65 - The Templelands

“Why is it called the Templelands?” Medus asked, craning his long neck over the sharp drop of the cliff. “I don’t see any temples. Just a bunch of holes and rocks.”

“Those are the temples,” Agraneia said. “They worship them.”

“Oh.”

Witch Patrol was standing at the top of the cliff, overlooking that long canyon. A few of the braver, stupider soldiers were sitting on the edge of the cliff, eating their rations, and seeing how far they could spit. The treeline shied away from the cliffs, so that only slippery, mist-covered mosses grew on the cliff faces.

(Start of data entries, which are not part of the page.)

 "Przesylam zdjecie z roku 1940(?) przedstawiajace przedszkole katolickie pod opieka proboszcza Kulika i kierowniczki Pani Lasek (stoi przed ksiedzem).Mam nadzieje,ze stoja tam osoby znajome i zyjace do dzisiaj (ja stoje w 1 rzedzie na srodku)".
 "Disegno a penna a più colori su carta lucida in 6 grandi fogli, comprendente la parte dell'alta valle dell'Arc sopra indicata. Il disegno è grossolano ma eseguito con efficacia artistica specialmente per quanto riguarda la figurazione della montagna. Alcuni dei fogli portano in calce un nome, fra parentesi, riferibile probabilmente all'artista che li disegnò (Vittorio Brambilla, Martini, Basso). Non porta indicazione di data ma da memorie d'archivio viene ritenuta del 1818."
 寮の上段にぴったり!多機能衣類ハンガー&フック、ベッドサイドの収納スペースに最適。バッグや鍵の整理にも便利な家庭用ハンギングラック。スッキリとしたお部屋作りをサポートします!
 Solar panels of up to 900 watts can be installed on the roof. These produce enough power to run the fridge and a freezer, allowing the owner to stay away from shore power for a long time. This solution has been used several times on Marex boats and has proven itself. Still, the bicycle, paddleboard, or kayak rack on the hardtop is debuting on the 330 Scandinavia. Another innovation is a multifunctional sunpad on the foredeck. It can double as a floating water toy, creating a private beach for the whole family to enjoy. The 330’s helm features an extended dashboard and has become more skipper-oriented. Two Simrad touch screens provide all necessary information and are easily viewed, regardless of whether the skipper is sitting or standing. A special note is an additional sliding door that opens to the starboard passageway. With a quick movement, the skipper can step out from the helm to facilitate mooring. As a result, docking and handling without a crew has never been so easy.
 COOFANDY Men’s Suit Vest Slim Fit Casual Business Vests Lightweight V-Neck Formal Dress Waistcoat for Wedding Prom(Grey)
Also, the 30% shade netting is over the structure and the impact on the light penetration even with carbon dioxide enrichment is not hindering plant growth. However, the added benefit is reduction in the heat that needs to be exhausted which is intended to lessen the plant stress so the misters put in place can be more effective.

It was a long drop. Long enough that the canyon had its own kind of wind.

Thousands of stone formations littered the canyon floor below. Some of them looked like hunched figures, gathered around holes in the ground. Others were as wide as buildings, and reached almost up to the cliffs themselves. There were gaps down there, too. In the gravel-strewn floor. Wide, gaping holes that went down beyond sight.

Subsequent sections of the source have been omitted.